SUPPLIED INFORMATION:
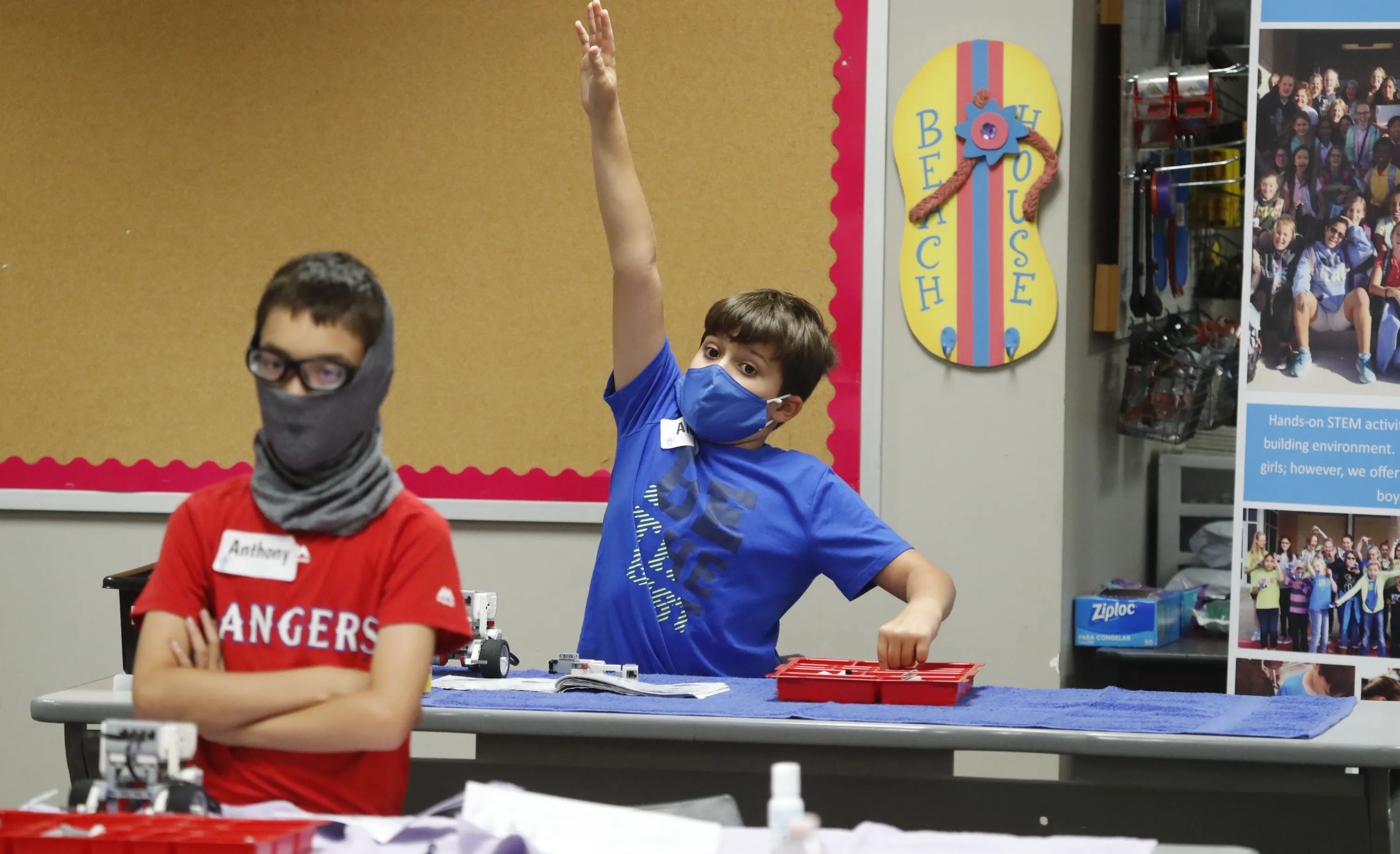 Amid concerns of the spread of COVID-19, Aiden Trabucco, right, wears a mask as he raises his hand to answer a question behind Anthony Gonzales during a summer STEM camp at Wylie High School Tuesday, July 14, 2020, in Wylie, Texas. (Photo by L.M. Otero/AP Photo)
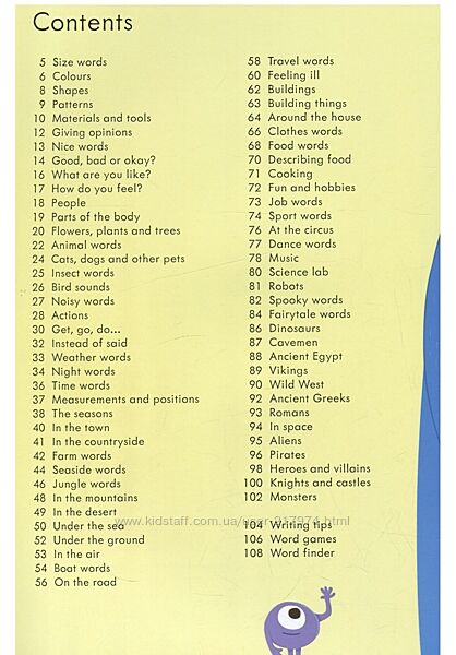 ф.1 -4 Junior Illustrated Thesaurus = 350 грн.Фантастический ресурс, который поможет детям повысить свое владение лексикой, как в письме, так и в разговорной речи. Слова и их синонимы сгруппированы по более 90 темам, к примеру, животные, звуки, сказки, профессии, спорт, монстры, погода и многое другое. Дети могут выбирать тему, соответствующую истории, или искать слово в указателе. Красочные картинки иллюстрируют многие из значений слов, а также в книге содержатся подсказки в написании, словарные игры и интернет ссылки к остальным тщательно подобранным ресурсам онлайн.
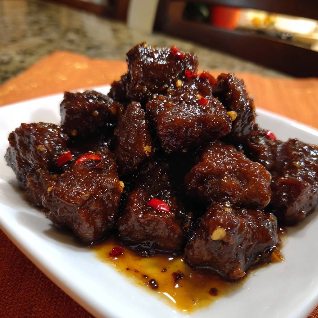 Stell dir vor, du nimmst die erste Gabel dieses glasierten Pfeffer-Rindfleischs in den Mund. Das Fleisch zergeht weich, die Sauce klebt glänzend daran, scharfe Chili mischt sich mit süßem Honig und knackigem Pfeffer. Du spürst sofort, warum das dein neues Lieblingsgericht wird.

REQUIRED WORK:
Restate the full listing word for word, excluding images.

TASK RESULT:
 Amid concerns of the spread of COVID-19, Aiden Trabucco, right, wears a mask as he raises his hand to answer a question behind Anthony Gonzales during a summer STEM camp at Wylie High School Tuesday, July 14, 2020, in Wylie, Texas. (Photo by L.M. Otero/AP Photo)
 ф.1 -4 Junior Illustrated Thesaurus = 350 грн.Фантастический ресурс, который поможет детям повысить свое владение лексикой, как в письме, так и в разговорной речи. Слова и их синонимы сгруппированы по более 90 темам, к примеру, животные, звуки, сказки, профессии, спорт, монстры, погода и многое другое. Дети могут выбирать тему, соответствующую истории, или искать слово в указателе. Красочные картинки иллюстрируют многие из значений слов, а также в книге содержатся подсказки в написании, словарные игры и интернет ссылки к остальным тщательно подобранным ресурсам онлайн.
 Stell dir vor, du nimmst die erste Gabel dieses glasierten Pfeffer-Rindfleischs in den Mund. Das Fleisch zergeht weich, die Sauce klebt glänzend daran, scharfe Chili mischt sich mit süßem Honig und knackigem Pfeffer. Du spürst sofort, warum das dein neues Lieblingsgericht wird.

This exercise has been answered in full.